6. Submitting multiple entries for a task

This will be allowed in two circumstances:

  • If very different approaches are used.
  • For the lyric intelligibility, you could submit a system tuned for objective evaluation and another tuned for the listening panel.

7. Intellectual property

The following terms apply to participation in this machine learning challenge (“Challenge”). Entrants may create original solutions, prototypes, datasets, scripts, or other content, materials, discoveries or inventions. Entrants retain ownership of all intellectual and industrial property rights (including moral rights) in and to these.

The submission constitutes the audio files submitted to the challenge and the accompanying technical report.

The Challenge Organiser is the Cadenza Project team.
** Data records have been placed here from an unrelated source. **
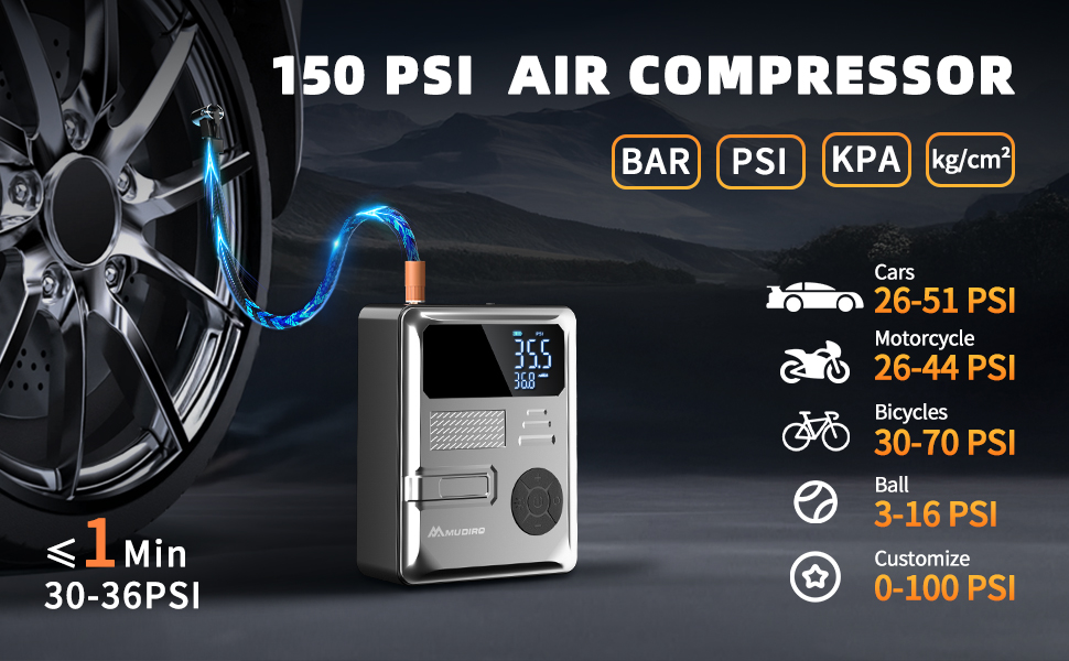 150 PSI KOMPRESSORI: Tehokas turbo 45 L/min (kestää 35 min) täyttää renkaan 195/65R15 paineesta 30 PSI tasolle 36 PSI 1 minuutissa. 5 esiasetustilaa (autot, polkupyörät, moottoripyörät, pallot, mukautettu) + 3 erilaista suutinta + 4 yksikköä (BAR/PSI/KPA/kg/cm²) tarkkaan täyttöön ja tiehätään.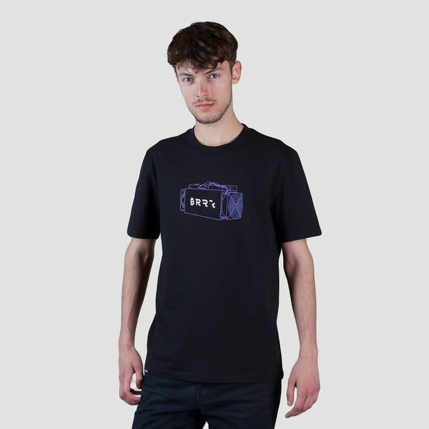 Kultura proof-of-work. Vytisknuto. Toto tričko je pro starou školu. Pocta Antmineru S9 – ikonickému zařízení, které formovalo historii těžby. Pokud znáš ten zvuk, toto tričko má svůj jedinečný náboj.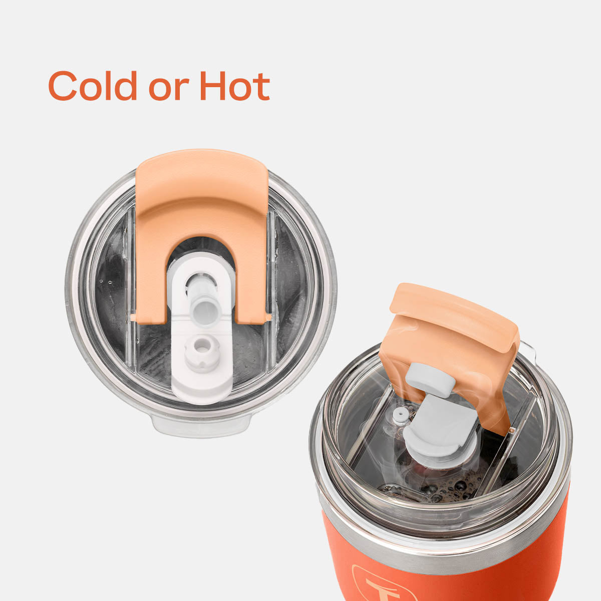 • Straw in or spout open: For cold drinks, pop the straw in the 2-in-1 lid. For hot beverages, flip the lid to sip from the spout.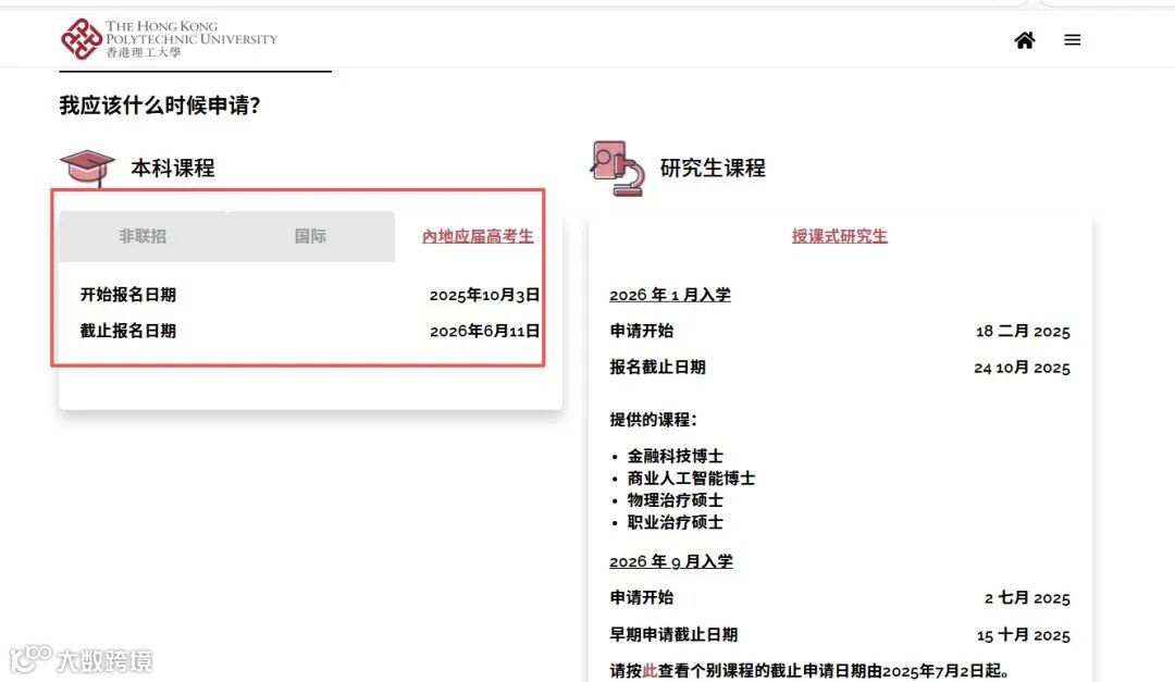 目前,港八大已陆续公布2026年本科生申请时间节点,不同院校的申请方式、截止日期差异明显,若错过关键时间,即便分数达标也可能错失机会。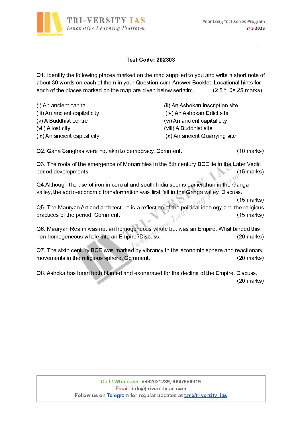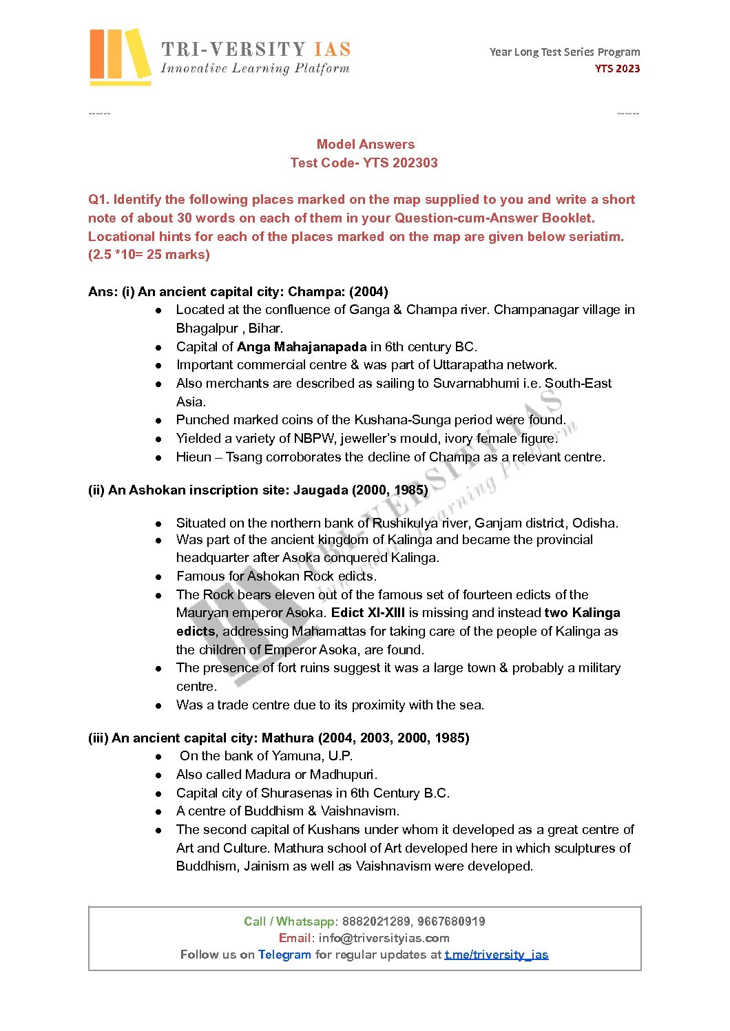 TRI-VERSITY IAS 2023 HISTORY OPTIONAL YEAR LONG TEST SERIES YTS-2023-MODEL ANSWERS TEST CODE-YTS 2023-03 (BLACK & WHITE)

As a condition of submission, Entrant grants the Challenge Organiser, its subsidiaries, agents and partner companies, a perpetual, irrevocable, worldwide, royalty-free, and non-exclusive licence to use, reproduce, adapt, modify, publish, distribute, publicly perform, create a derivative work from, and publicly display the submission.

Entrants provide Submissions on an “AS IS” BASIS, WITHOUT WARRANTIES OR CONDITIONS OF ANY KIND, either express or implied, including, without limitation, any warranties or conditions of TITLE, NON-INFRINGEMENT, MERCHANTABILITY, or FITNESS FOR A PARTICULAR PURPOSE.

References

[1] Park, D.S., Zhang, Y., Chiu, C.C., Chen, Y., Li, B., Chan, W., Le, Q.V. and Wu, Y., 2020, May. Specaugment on large scale datasets. In ICASSP 2020-2020 IEEE International Conference on Acoustics, Speech and Signal Processing (ICASSP) (pp. 6879-6883). IEEE.